一般的には3秒間と言われることも多いですが、実は法律で明確な秒数は定められていません。
ただ過去の判例をみると、一時停止は停止さえすれば良いわけではなく、左右の安全を確認するために必要かつ十分な時間停止することだと示した事例や、1秒間くらいの停車は一時停止とはいえないとした事例もあります。
つまり一時停止には何秒という決まりはないものの、クルマの車輪が完全に止まるくらいしっかりと停止したうえ、十分に左右の安全確認をおこなうのに必要な秒数は停止しなければいけないということです。
このため、ドライバーがブレーキをかけずに停止線を通過するケースはもちろん、たとえ停止線の前でブレーキを踏んだとしても車輪が止まることなくジワジワと進んでいたら正しい一時停止の方法とはいえないでしょう。
筆者(元警察官はる)が交番時代に取り締まりを行ったケースでは、停止線を越えてから徐行し、ほとんど停止することなく進行するクルマや、バイクの場合だと停止線手前でブレーキはかけるものの、足を地面につけることなくそのまま進行する人が多くいました。
ブレーキを踏むとドライバーは一時停止をしたという気になりがちですが、周囲から見ると停止できていないケースも多いため、一時停止の標識が見えたら「しっかり止まる」という意識を持つことが大切です。
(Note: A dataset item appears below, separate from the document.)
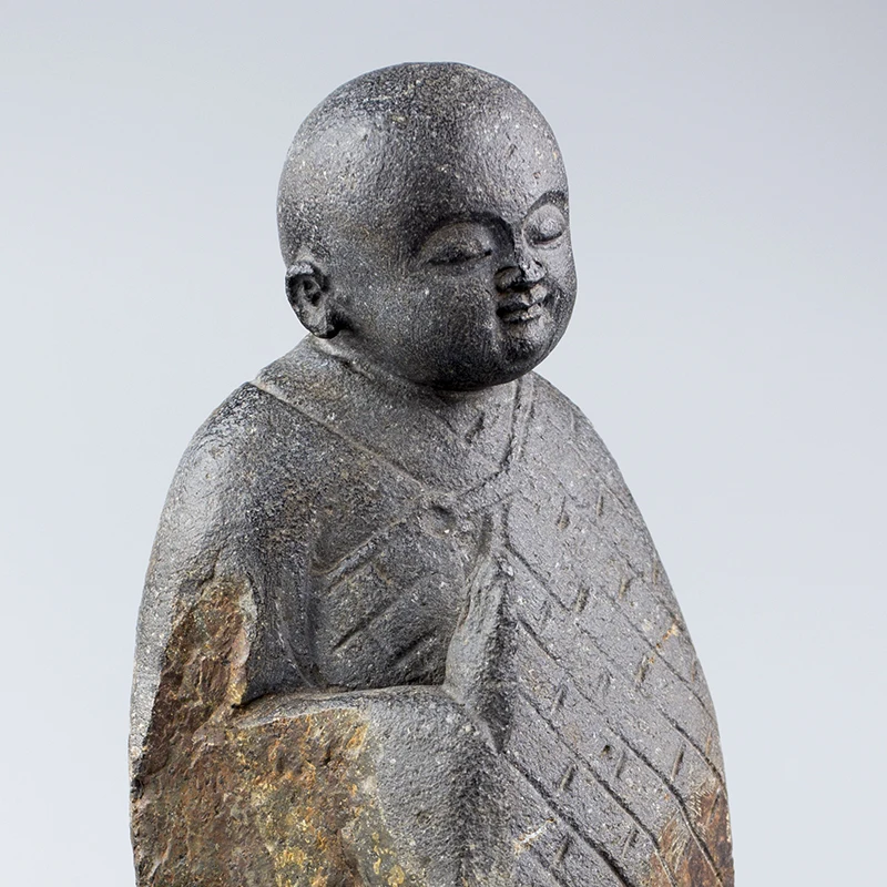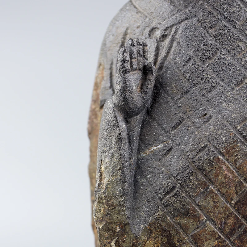 La couleur et la texture de la pierre naturelle sont habilement utilisées pour créer la soutane de moine.

もしクルマにドライブレコーダーが付いているなら、一時停止場所でしっかり止まっているか、自身の運転を見直すと良いでしょう。
手本としたい一時停止の方法として「2段階運転をする」ことが挙げられます。
具体的には、「1.まず停止線でしっかりと停止する」「2.その後左右が見通せる位置まで徐行しながら進み、そこで左右の安全確認をおこなう」というものです。
一時停止の道路標識が設置される交差点は、建物や地形の状況によって左右の見通しがきかない場所であることが多くなっています。
道路交通法第43条の規定のとおり、停止線の前で一時停止した後も交差する道路を走っている車両の進行を妨げないよう、左右の安全確認をしっかりおこなってから進行しなければいけません。
そのように交差点で左右の安全確認を行う際には左、右、左、右のように複数回安全確認をおこないましょう。
確認の精度を高めるために「左よし、右よし」という風に声に出して安全確認をおこなうことも効果的です。
また、交差する道路の交通量が多いときは無理に進行せず待機することも大切です。
後方に車両がいると焦ってしまいがちですが、交通事故を防止するために落ち着いて運転することを意識しましょう。
このような2段階運転を心がけることにより、警察から一時不停止の違反で切符を切られる可能性が低くなるほか、安全確認を十分におこなえるため、交通事故を起こすこともなくなると考えられます。
※ ※ ※
一時停止場所では何秒停止しなければいけないという明確な決まりはありませんが、左右の安全確認を十分におこなえるだけの時間が必要です。
ドライバーが思っているよりも一時停止できていないケースがあるため、一時停止場所ではしっかりと止まり、左右の安全確認を徹底するという気持ちで運転しましょう。